For the maximum disappearing frames threshold, setting too short a survival duration leads to targets that cannot be recovered due to brief occlusions, increased missed matches, and frequent track deletions force the system to initialize redundant identities, which destroys identity consistency. For example, in the DanceTrack scenario, the target is briefly lost (<10 frames) due to fast rotation, but the threshold is too short resulting in the memory bank deleting the trajectory in advance, the target cannot be recovered. As shown in the table, when maximum disappearing frames threshold is selected as 10 frames, the HOTA is 69.5 (−1.2), and the IDF1 is 73.1 (−2.1) compared with the threshold of 60 frames. Setting too long a survival duration to retain the failure trajectory (e.g., mis-matched or long-term deactivated targets) leads to noise to interfere with detection and association. In addition, the long-term residency of the failed trajectory comes to pollute the memory bank and increase the ambiguity of cross-frame matching. As shown in the table, when maximum disappearing frames threshold is selected as 80 frames, compared with the threshold of 60 frames, the HOTA is 70.5 (−0.2), AssA is 60.4 (−0.2), and the IDF1 is 75.6 (+0.4), IDS is 566 (−8.1%), despite the decrease in IDS, the accumulation of noisy trajectories leads to a decrease in association accuracy (AssA) and a reduction in the overall performance of the tracking.

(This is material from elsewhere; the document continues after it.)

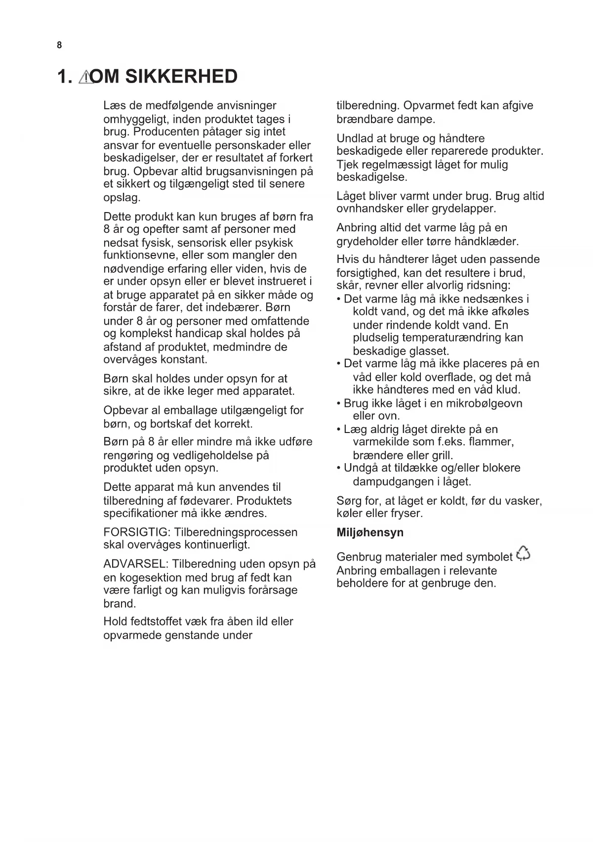 Læs de medfølgende anvisninger omhyggeligt, inden produktet tages i brug. Producenten påtager sig intet ansvar for eventuelle personskader eller beskadigelser, der er resultatet af forkert brug. Opbevar altid brugsanvisningen på et sikkert og tilgængeligt sted til senere opslag. Dette produkt kan kun bruges af børn fra 8 år og opefter samt af personer med nedsat fysisk, sensorisk eller psykisk funktionsevne, eller som mangler den nødvendige erfaring eller viden, hvis de er under opsyn eller er blevet instrueret i at bruge apparatet på en sikker måde og forstår de farer, det indebærer. Børn under 8 år og personer med omfattende og komplekst handicap skal holdes på afstand af produktet, medmindre de overvåges konstant. Børn skal holdes under opsyn for at sikre, at de ikke leger med apparatet. Opbevar al emballage utilgængeligt for børn, og bortskaf det korrekt. Børn på 8 år eller mindre må ikke udføre rengøring og vedligeholdelse på produktet uden opsyn. Dette apparat må kun anvendes til tilberedning af fødevarer. Produktets specifikationer må ikke ændres. FORSIGTIG: Tilberedningsprocessen skal overvåges kontinuerligt. ADVARSEL: Tilberedning uden opsyn på en kogesektion med brug af fedt kan være farligt og kan muligvis forårsage brand. Hold fedtstoffet væk fra åben ild eller opvarmede genstande under tilberedning. Opvarmet fedt kan afgive brændbare dampe. Undlad at bruge og håndtere beskadigede eller reparerede produkter. Tjek regelmæssigt låget for mulig beskadigelse. Låget bliver varmt under brug. Brug altid ovnhandsker eller grydelapper. Anbring altid det varme låg på en grydeholder eller tørre håndklæder. Hvis du håndterer låget uden passende forsigtighed, kan det resultere i brud, skår, revner eller alvorlig ridsning:

With the above ablation study, the maximum disappearing frames threshold (F) is selected as 60 frames, UMOT achieves an optimal balance between long-term association robustness and noise suppression, with HOTA (70.7) and IDF1 (75.2) significantly outperforming the other configurations.

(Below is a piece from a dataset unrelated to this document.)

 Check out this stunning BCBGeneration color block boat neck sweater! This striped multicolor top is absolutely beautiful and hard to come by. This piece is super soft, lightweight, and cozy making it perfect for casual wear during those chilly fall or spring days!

Visualization and analysis

Comparative analysis of the duplicate phenomenon.

The Duplicate phenomenon refers to the misassignment of multiple ID numbers to the same target, resulting in track redundancy (e.g., a pedestrian is recognized as multiple independent targets). This is usually caused by overlapping detection boxes, short-term occlusion, or abrupt changes in appearance.

In MOTR, MOTR suffers from unstable bounding box regression due to detection-association task conflicts in the end-to-end framework, leading to the generation of multiple track queries for the same target, and the Duplicate phenomenon of MOTR on the MOT17 dataset is shown in Fig 7(a). While the TQMM module in UMOT suppresses the long-term accumulation of redundant trajectories by sliding window cleanup and EMA updates. The comparison results of UMOT on MOT17 dataset are shown in Fig 7(b).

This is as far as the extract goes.